CREATE INDEX index_subscriptions_on_renewal_date ON subscriptions USING btree (renewal_date);

doesn't make things much better. Even rewriting the query doesn't improve the performance either:

EXPLAIN ANALYZE
With subscriptions_1 as (
SELECT 
"subscriptions"."id" AS t0_r0, 
"subscriptions"."created_at" AS t0_r3, 
"subscriptions"."updated_at" AS t0_r4, 
"subscriptions"."next_date" AS t0_r5, 
"subscriptions"."number_of_games" AS t0_r6, 
"subscriptions"."renewal_date" AS t0_r7, 
"subscriptions"."type" AS t0_r8, 
"subscriptions"."order_id" AS t0_r9
FROM 
"subscriptions"
WHERE
"subscriptions"."type" IN ('Const1')
AND ("subscriptions"."renewal_date" >= '2017-09-23' AND "subscriptions"."renewal_date" <= '2017-09-29')
AND ("subscriptions"."number_of_games" >= 5)
ORDER BY "subscriptions"."id"
)
SELECT
Subscriptions_1.*,
"orders"."id" AS t1_r0, 
"orders"."customer_id" AS t1_r1, 
"orders"."created_at" AS t1_r2, 
"orders"."updated_at" AS t1_r3, 
"orders"."payment_id" AS t1_r4, 
"orders"."status" AS t1_r5, 
"orders"."col13" AS t1_r13, 
"orders"."col14" AS t1_r14, 
"orders"."col15" AS t1_r15, 
"orders"."active_subscription_id" AS t1_r21, 
"orders"."product_id" AS t1_r22
FROM
Subscriptions_1
INNER JOIN "orders" ON "orders"."id" = subscriptions_1.t0_r9 
WHERE
"orders"."status" = 'confirm' 
AND "orders"."product_id" IN (1,95,79,22)
AND (orders.active_subscription_id = subscriptions_1.t0_r0)
AND (subscriptions_1.t0_r0 NOT IN (SELECT subscriptions_1.t0_r0 FROM subscriptions_1 INNER JOIN "orders" ON "orders"."id" = subscriptions_1.t0_r9 INNER JOIN "table1" ON "table1"."order_id" = "orders"."id" WHERE "orders"."status" = 'confirm' AND "orders"."product_id" IN (1,95,79,22) AND "table1"."col1" IN ('1041', '1042') AND (orders.active_subscription_id = subscriptions_1.t0_r0))
) ;

Solution

  • The plan is so bad because PostgreSQL underestimates the number of result rows (1 instead of the actual 3383 in the join between subscriptions and orders).

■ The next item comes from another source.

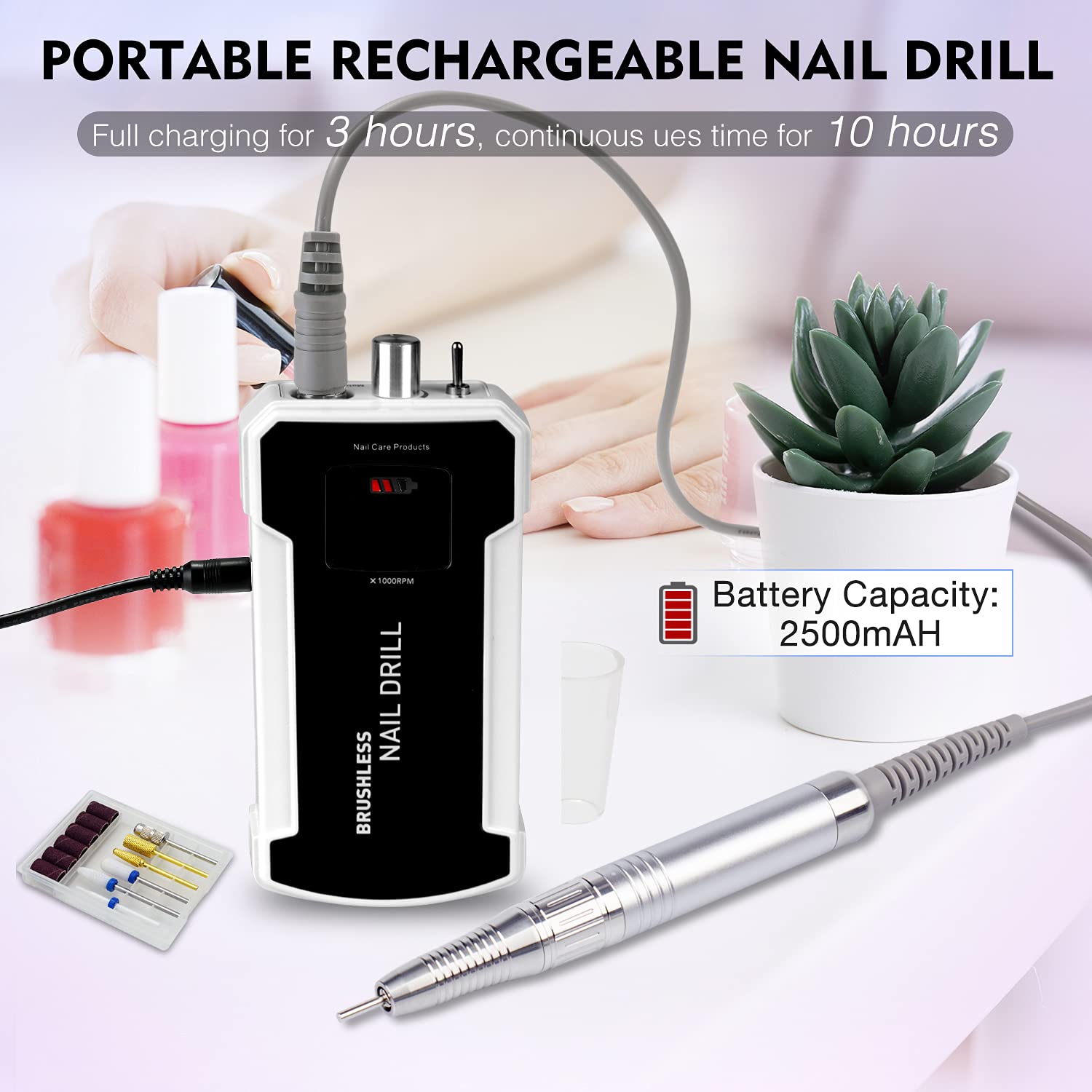- 【Portable and Rechargeable E-File Nail Drills】Designed with a high-quality aluminum alloy handpiece, it is lightweight and portable. Belt hook design of the body case makes it easy to install or disassemble, you can hang it on your waist. No need to be plugged in the outlet under operation. Only be charged for about 3 hours, the electric nail drill lasts 8-10 hours operation time.
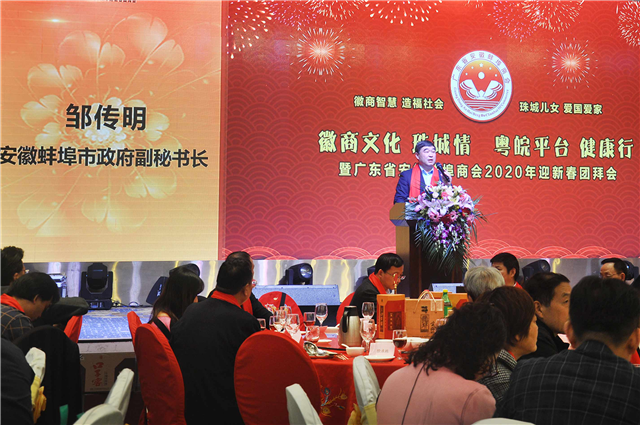 广东省安徽蚌埠商会2019年新春团拜会在广州隆重举办,广东省委办公厅原副主任张光发,交通厅原纪检委书记王志荣,徐承栋将军,张逢堂将军,原广东省民政厅广党组成员、巡视员高党生,原广州军区卫生部长江建荣,原黄埔区人大党组书记、常务副主任广州市政府教育督学顾问主任章登明,原司法局巡视员刘鸣高,中国航油华南公司巡视员岳峰,原广东地税局督察局局长张弟,原广州军区总医院首长保健专家张松权,中青旅文化旅游研究院(广州)有限公司执行总裁朱逸等在粤领导,蚌埠市政府副秘书长邹传明,蚌埠市招商和对外合作中心副主任王振宇,蚌埠市驻广州办事处副主任蒋运田,蚌埠市科协主席张建文,怀远县政协副主席朱玉龙,五河县政协副主席张茂飞,龙子湖区委常委副区长胡扣住,固镇县经济开发区党工委书记兼管委会主任张公民,淮上区人民政府人大常委副主任孙凤鸿,蚌埠高新区总经济师董磊,蚌埠经济开发区管委会副主任赵毅梅,原蚌埠市五河县政协副主席邓衍新等蚌埠三县六区领导嘉宾,广东省安徽蚌埠商会名誉会长倪士会、轮值会长朱世明、执行会长兼秘书长李振清、执行会长周洪元、监事长顾庆书、党支部(筹)书记崔健利等商会新一界领导班子,以及安徽相关兄弟商会、蚌埠商会广东21地市会员企业、乡友企业、媒体等约600多人参加了本次会议,大家欢聚一堂,共襄盛宴,共同分享美好时光。

    That causes PostgreSQL to pick a nested loop join for the join with table1, which is where 9 of your 11 seconds are spent.

    There are several approaches:

    1. Run ANALYZE, perhaps with increased default_statistics_target, on all tables affected. Perhaps fresh statistics will lead to a better estimate.

    2. If that doesn't help, create an index ON table1(order_id, col1::text), which will speed up the nested loop join as much as possible.

    3. The brutal way: set enable_nestloop to off for this one query.